EDIT: Nagasaki was one of Japan's biggest industrial centers, and Hiroshima was a major military base. Both were vital military targets.
I'm really surprised you'd make that claim, since everything I've ever read on the subject contradicts it. The idea of damaging civilian morale to the point of capitulation was central to nearly every air power advocate's vision for the war, and was believed by most of the senior officials in both the RAF and USAAF (read some of what Arthur Harris has said in memos and official directives, it's rather chilling). The USAAF clung to the notion for longer than the RAF that "precision" raids were possible and that it should only be military and industrial sites that are targeted, but that was the result of gross overconfidence in the capability of bombers at that time to accurately hit their target, or even consistently navigate to a target smaller than a city while under fire (and indeed, in some missions the bomber wings would end up dropping ordinance on the wrong city entirely).

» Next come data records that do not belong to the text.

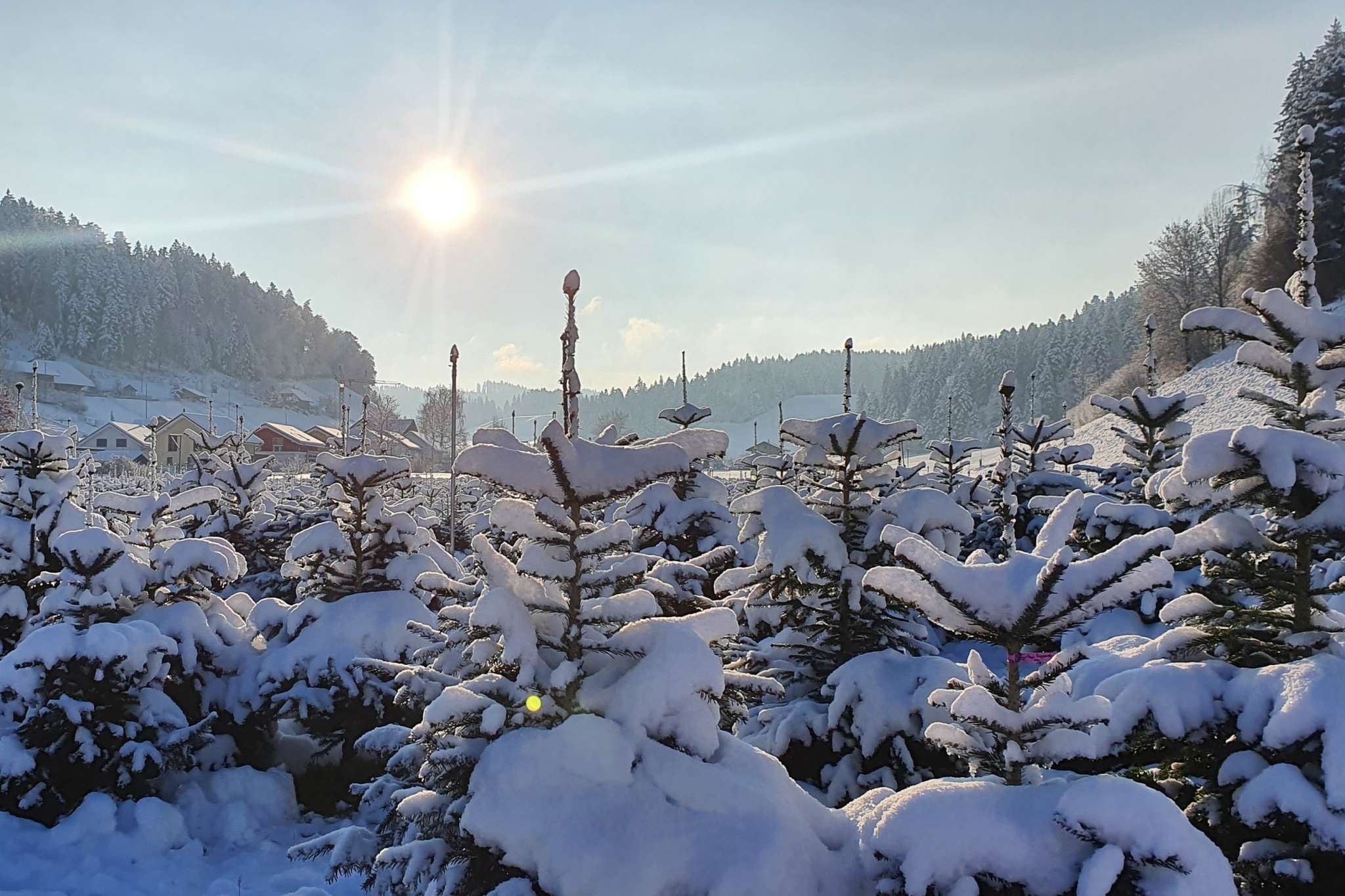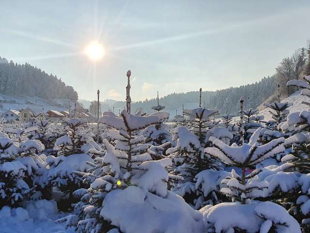 Herzlich willkommen auf dem kleinen Hof in Lützelflüh-Goldbach. Am Dorfrand von Goldbach wird ein kleiner Landwirtschaftsbetrieb mit einer Weihnachtsbaumplantage bewirtschaftet.
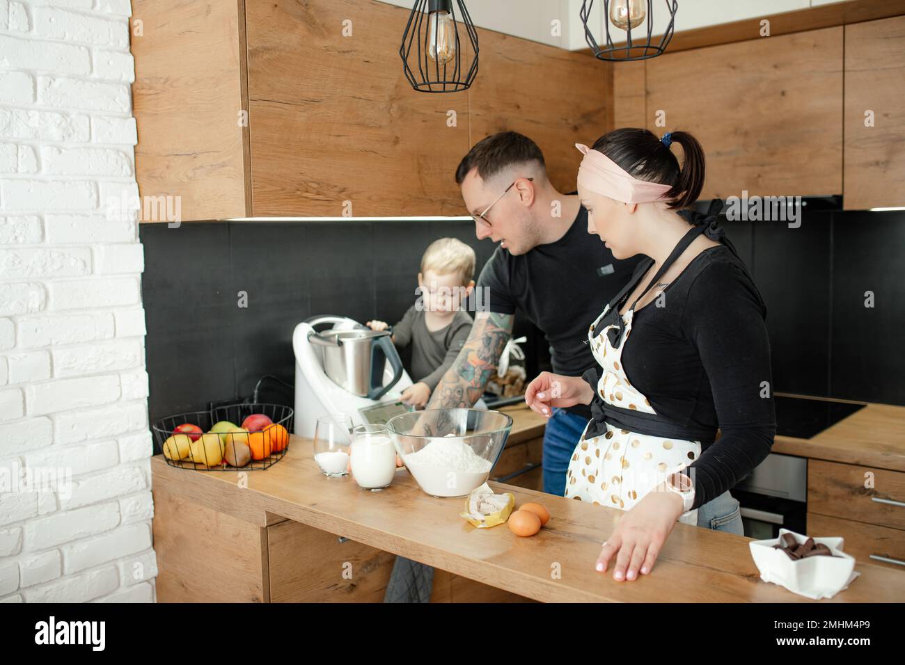 Family From Three People Together Cook Dinner In Kitchen, Side View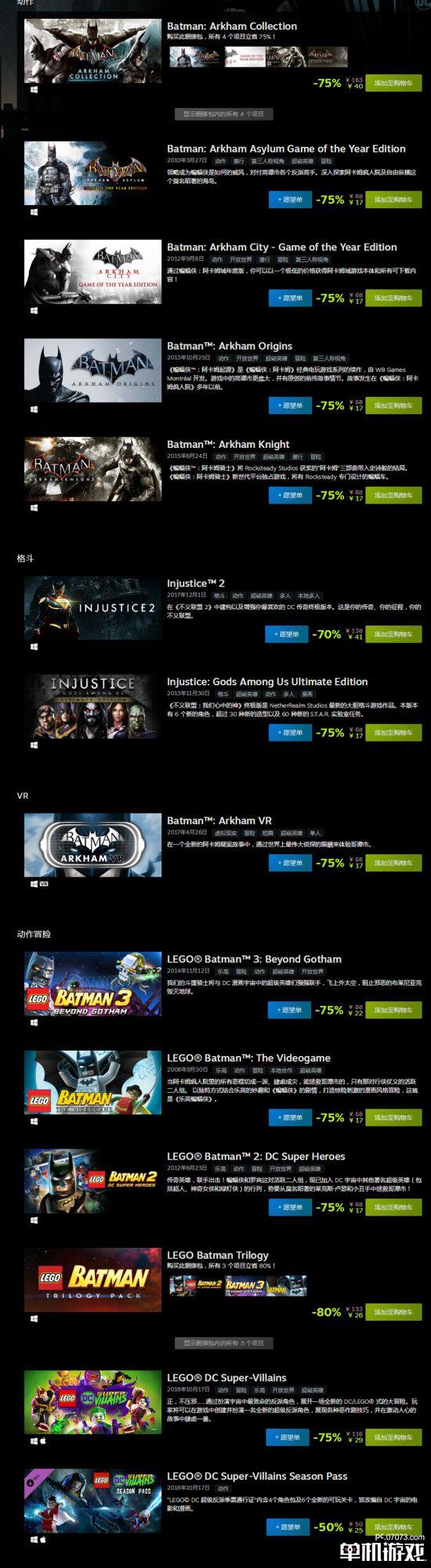 《蝙蝠侠阿卡姆》系列、《不义联盟》系列、《乐高蝙蝠侠》系列、《乐高DC超级反派》等等都在折扣中。

Beyond that, you can read memo after memo, directive after directive, and even many of the official press releases, and see that destroying civilian morale was at least a secondary objective for most of the campaign in Germany. With the strategic bombing campaign in Japan there wasn't even a question of avoiding civilian casualties, after the initial failings to be able do anything besides indiscriminately firebomb urban areas.
If you're arguing that civilians and civilian structures were targeted exclusively to reduce industrial capacity, that's one interpretation, but we are at least in agreement that they
were targeted, right? If a mission targeting the "industrial and military targets" is accomplished by leveling the entire city, does the objective matter? Are the two atomic bombs included in that 'not a single bomb' argument, as though the military significance of the cities was the reason for dropping the bombs?
Also thanks, I was wrong about Nagasaki and Hiroshima not having military importance; I was remembering a list of the largest cities destroyed in Japan, sorted by their target priority. The bombing of Dresden on the other hand, that is the quintessential example of a militarily unimportant target being needlessly annihilated, and rightly so. Leveling a city behind an already collapsed front a month before the war's end served no strategic purpose whatsoever, tactical or otherwise. Whatever minor industrial value the city had, it had no military importance (fortifications, bases, defenses of any kind), and it was only bombed to impress the soviets and improve RAF standing. The Red Army could've walked into the city and taken it
weeks later with no significant resistance.
Also, sorry, I know this is a tank thread.